╔══

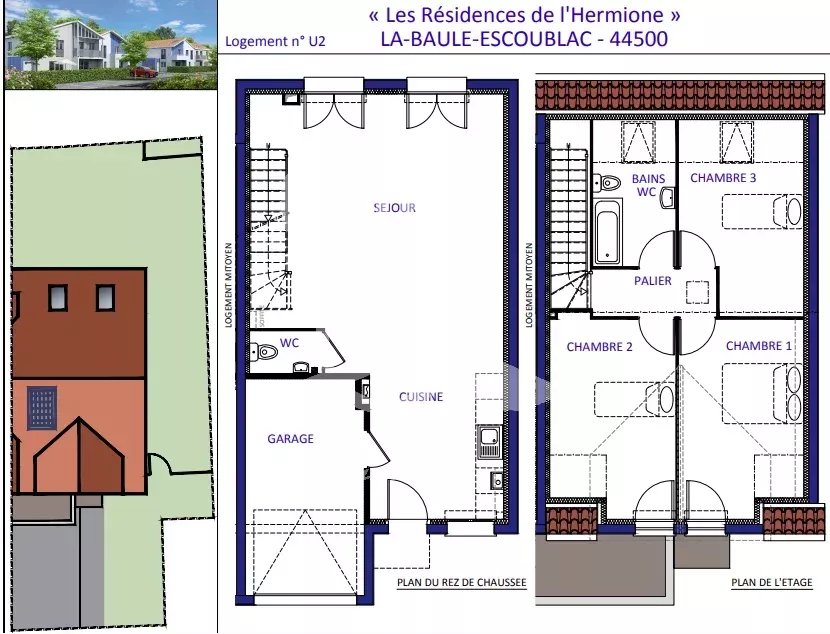 A 700 m des commerces et de la gare de PORNICHET. Les résidences de L'HERMIONE vous proposent 8 maisons en cours de construction, VENDUES EN L'ETAT FUTUR D'ACHEVEMENT, comprenant au rez-de-chaussée : une pièce à vivre de 37,40 m2, un wc, un gara...
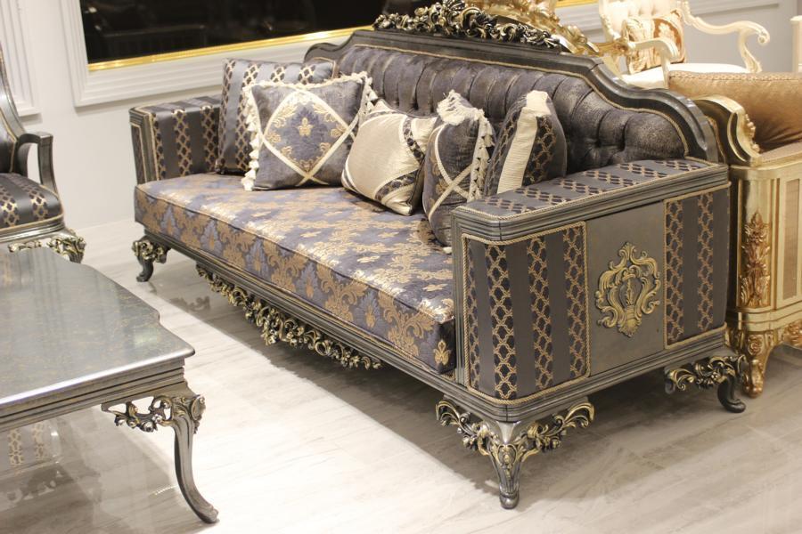 D'**Luxuriéis 3 Deeler Sofagarnitur Set** besteet aus engem **imposanten 3-Sëtz Sofa** an zwee **komfortabelen Sessel**, déi eng perfekt Kombinatioun vun Eleganz a Komfort bidden. Mat hire insgesamt Dimensiounen vun ongeféier **240 x 66 x 125 cm** fir de Sofa, an **70 x 64 x 111 cm** pro Sessel, ass dës Garnitur ideal fir grouss Wunnzëmmeren. D'Struktur ass aus **Holz**, iwwerzunn mat engem delikate **Textilstoff**, wat fir béid Haltbarkeet an Eleganz suergt. Faarwen ginn **wéi ofgebilt** geliwwert, awer dir kënnt och **op Ufro** aner Optiounen erauswielen. Dës Garnitur ass perfekt fir déi, déi e stilvollen, awer komfortabele Look sichen.
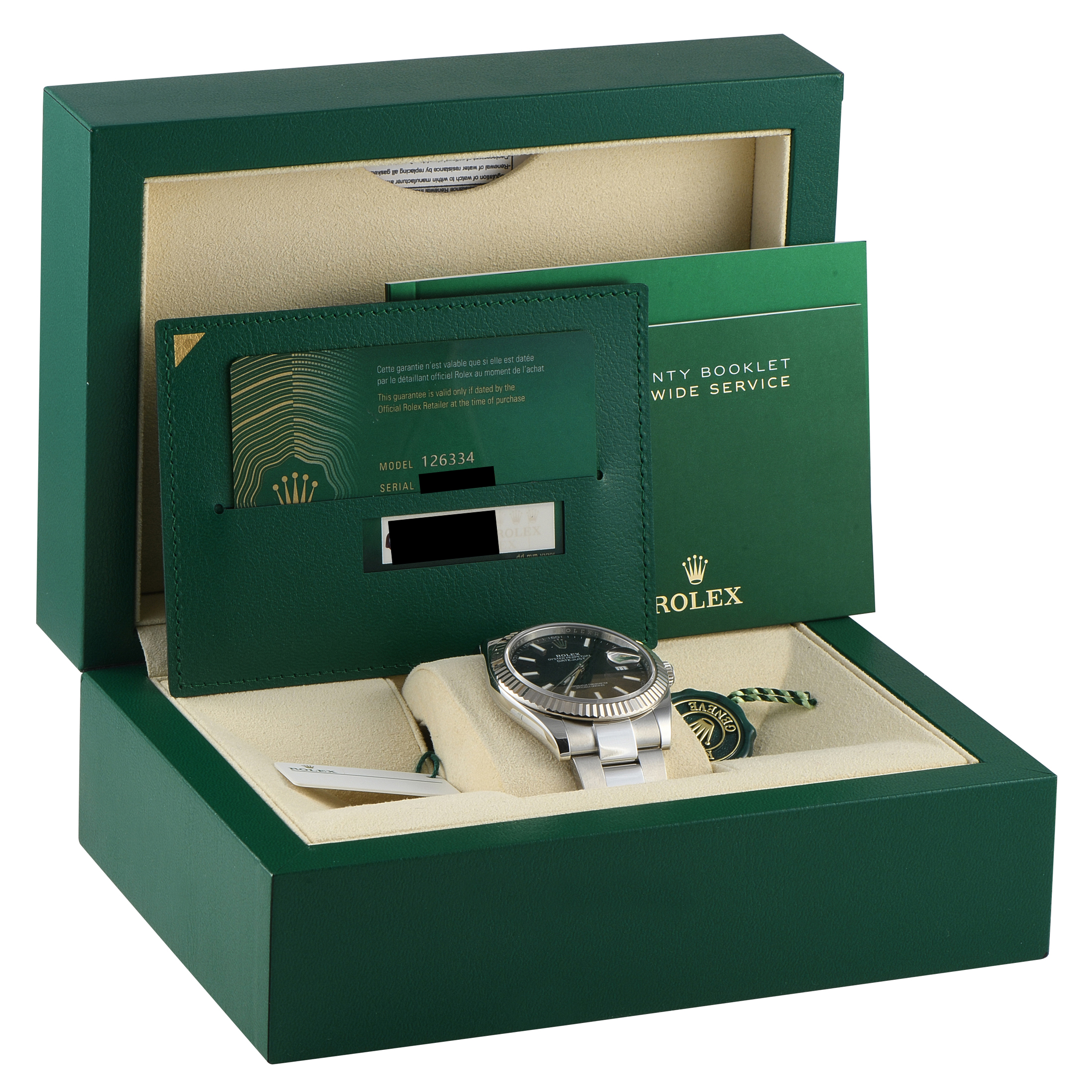 This pre-owned Rolex Datejust 41 Black Dial Watch 126334 comes with papers and the manufacturer’s box.
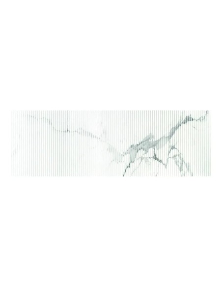 Είναι ένα κεραμικό πλακάκι επένδυσης τοίχου με λευκή επιφάνεια, γκρι ραβδώσεις, γυαλιστερό φινίρισμα και κάθετες αυλακώσεις που το κάνουν μοναδικό. Λόγω της υφής μαρμάρου είναι εξαιρετικά κομψό από μόνο του και χάρη στη γυαλιστερή του επιφάνεια φαίνεται ακόμα πιο πολυτελές.
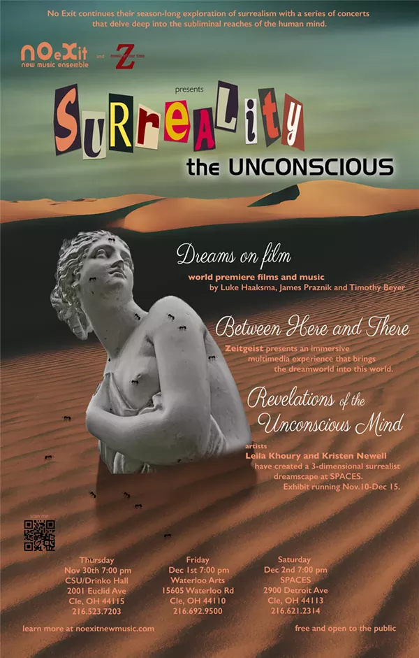 No Exit New Music's multidisciplinary exploration of Surrealism continues with a deep dive into The Unconscious! St. Paul's Zeitgeist joins the ensemble in a program that includes a fantastical multimedia experience featuring specially created surrealist musical instruments, three short art films with world-premiere live music, and an astonishing surrealist dreamscape installation at SPACES Nov 10-Dec15. Adventurous art and music lovers won't want to miss this high-sensory immersion in the fantastical and illogical realm of DREAMS.
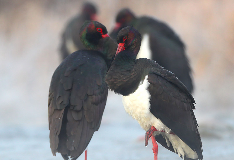 眼下,总共有26只黑鹳在拒马河畔流连,要拍摄到它们并不容易。太阳还没跃出地平线,巡护队员就要藏到掩体中,呼出的气让三脚架和云台上结了冰。天色刚刚亮起来,睡醒的黑鹳就来到河边,不停地梳理羽毛,薄雾笼罩着河流,宛如仙境。
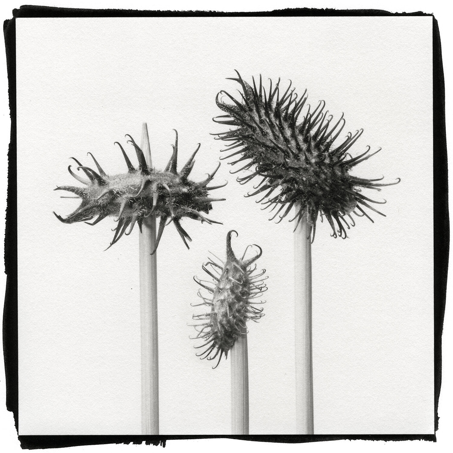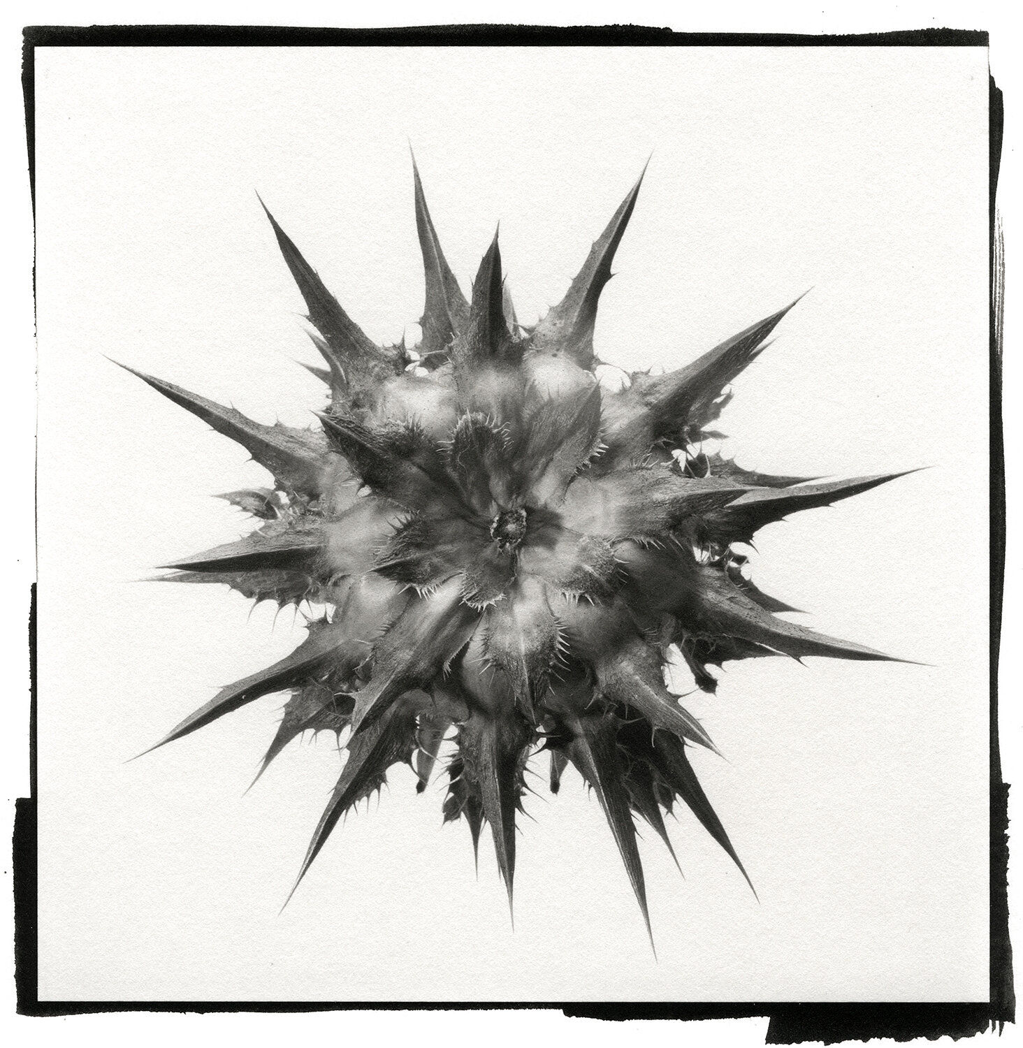 These vessels—cones, pods, and acorns—have a very powerful presence and contain immense beauty, which drew me to start the “GRANA” (Latin for “SEEDS”) series and to celebrate the beauty of nature. Long years of drought dried out the hills and valleys, fueling long periods of wildfires and killing everything around. It seems that using the platinum/palladium print process—with its sharp details, numerous shades, and super matte finish—was the right medium to express my vision.

╚══

YOUR TASK → What you give back should be exactly the lines from the line holding "No Exit New" through the final line of the material, both ends included, and please leave out the pictures.

RESULT →
 No Exit New Music's multidisciplinary exploration of Surrealism continues with a deep dive into The Unconscious! St. Paul's Zeitgeist joins the ensemble in a program that includes a fantastical multimedia experience featuring specially created surrealist musical instruments, three short art films with world-premiere live music, and an astonishing surrealist dreamscape installation at SPACES Nov 10-Dec15. Adventurous art and music lovers won't want to miss this high-sensory immersion in the fantastical and illogical realm of DREAMS.
 眼下,总共有26只黑鹳在拒马河畔流连,要拍摄到它们并不容易。太阳还没跃出地平线,巡护队员就要藏到掩体中,呼出的气让三脚架和云台上结了冰。天色刚刚亮起来,睡醒的黑鹳就来到河边,不停地梳理羽毛,薄雾笼罩着河流,宛如仙境。
 These vessels—cones, pods, and acorns—have a very powerful presence and contain immense beauty, which drew me to start the “GRANA” (Latin for “SEEDS”) series and to celebrate the beauty of nature. Long years of drought dried out the hills and valleys, fueling long periods of wildfires and killing everything around. It seems that using the platinum/palladium print process—with its sharp details, numerous shades, and super matte finish—was the right medium to express my vision.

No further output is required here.